20. Lilith

CHAPTER TWENTY

T he second we pulled up in front of my house, reality cracked through me like lightning splitting a tree.

What the fuck was I doing?

The rest of the drive had been suffocating. Neither of us had spoken. Neither of us had tried. And now, sitting here, staring at my own house, I felt… off. Untethered.

This was a terrible idea, and yet—

“Do you want to come inside?”

His fingers flexed against his thighs and the scarf still covered the lower half of his face, making it impossible to read him, but I could feel the tension rolling off him in thick waves.

After a pause, he nodded.

I shoved the car door open before my brain could catch up with my actions, and I didn’t look back until I was on the porch, key ready at the lock. Only then did I realise he hadn’t followed. He was still by the curb, watching me, waiting.

I lifted a brow, ignoring the way my stomach was staging a full-on revolt. “Well? You coming or what?”

Something flickered in his dark eyes, but he didn’t argue. He followed.

The door clicked shut behind us and I flicked on the lights.

He was like a statue—back stiff, hands shoved into his pockets like he didn’t know what to do with them, or himself.

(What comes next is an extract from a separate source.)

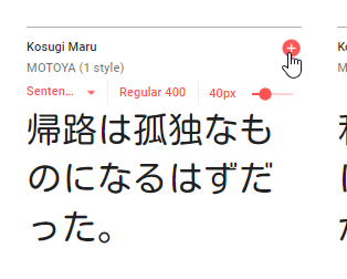 先ほどGoogle Fontsのページから使いたいフォントを選んだときは1つしか選びませんでしたが、使いたいフォントが複数あるときは+を押せば、指定を追加することが出来ます。
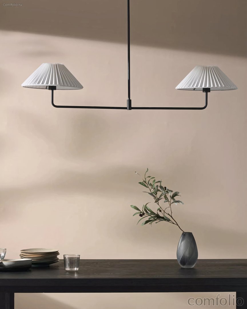 Чёрная люстра "Харриет" - это изысканное и стильное освещение, которое добавит элегантность любому интерьеру. Она имеет двухламповую конструкцию, выполненную в минималистичном стиле, что делает ее универсальным вариантом для различных помещений. Комбинация матово-черного цвета и белых плиссированных тканевых абажуров создает элегантный контраст, обеспечивая приятное и мягкое освещение. Люстра "Харриет" идеально подходит для гостиной, столовой, спальни или любого другого помещения, где требуется эстетичное и функциональное освещение. Ее дизайн сочетает в себе классические и современные элементы, что позволяет легко вписать ее в различные стили интерьера.

“Do you… want coffee or something?”

His head shook once. “No, thank you.”

Silence again. We just stood there, barely a few feet apart.

Well, this was awkward.

I crossed my arms, nodding toward the couch. “Well, will you at least move? Or are you planning on standing there like a masked ornament all night?”

A pause. Then, after what felt like a full minute, he shifted. One whole step forward.

Wow. Progress.

“I need caffeine,” I muttered, spinning on my heel and making a beeline for the kitchen. What was I doing? He was in my house.

I fumbled with the mugs, trying and failing to ignore the way my hands trembled as I turned the coffee machine on.

Bracing myself against the counter, I inhaled sharply, held it, then let it out slow—like that would somehow fix the fact that I’d just invited my stalker inside.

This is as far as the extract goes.